_PROVIDED MATERIAL:_
=====

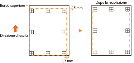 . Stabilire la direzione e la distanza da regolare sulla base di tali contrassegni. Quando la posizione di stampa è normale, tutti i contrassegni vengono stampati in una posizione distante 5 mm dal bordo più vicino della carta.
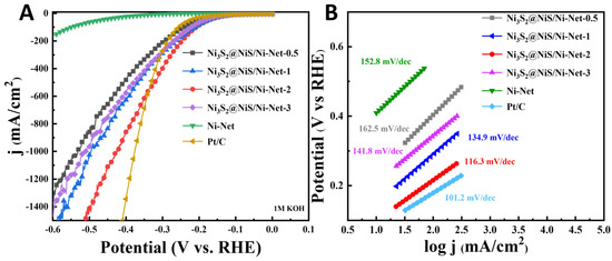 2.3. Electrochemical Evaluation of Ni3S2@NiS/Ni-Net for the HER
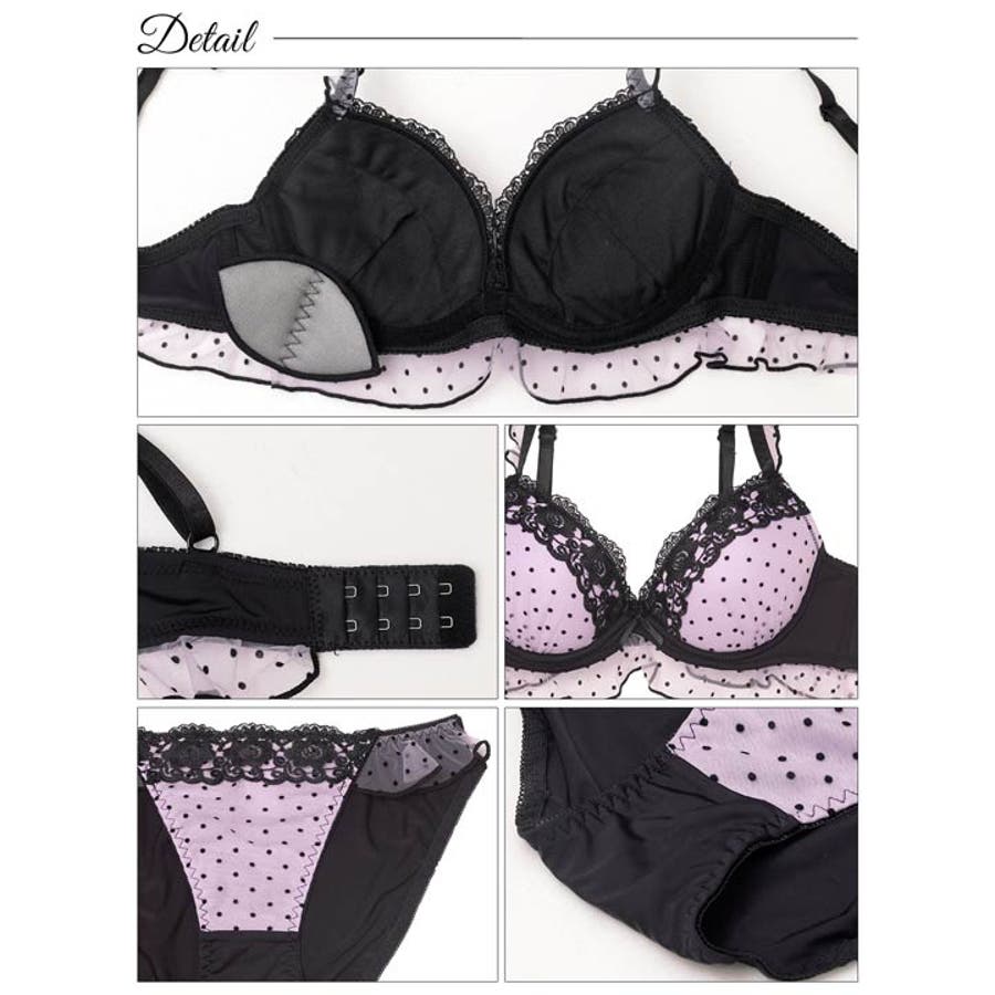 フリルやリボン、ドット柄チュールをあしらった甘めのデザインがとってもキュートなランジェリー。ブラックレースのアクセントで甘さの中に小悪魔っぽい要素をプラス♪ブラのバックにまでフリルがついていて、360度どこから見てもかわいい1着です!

=====

_ASSIGNMENT:_ Output all of the data exactly. Skip the pictures.

_YOUR SOLUTION:_
 . Stabilire la direzione e la distanza da regolare sulla base di tali contrassegni. Quando la posizione di stampa è normale, tutti i contrassegni vengono stampati in una posizione distante 5 mm dal bordo più vicino della carta.
 2.3. Electrochemical Evaluation of Ni3S2@NiS/Ni-Net for the HER
 フリルやリボン、ドット柄チュールをあしらった甘めのデザインがとってもキュートなランジェリー。ブラックレースのアクセントで甘さの中に小悪魔っぽい要素をプラス♪ブラのバックにまでフリルがついていて、360度どこから見てもかわいい1着です!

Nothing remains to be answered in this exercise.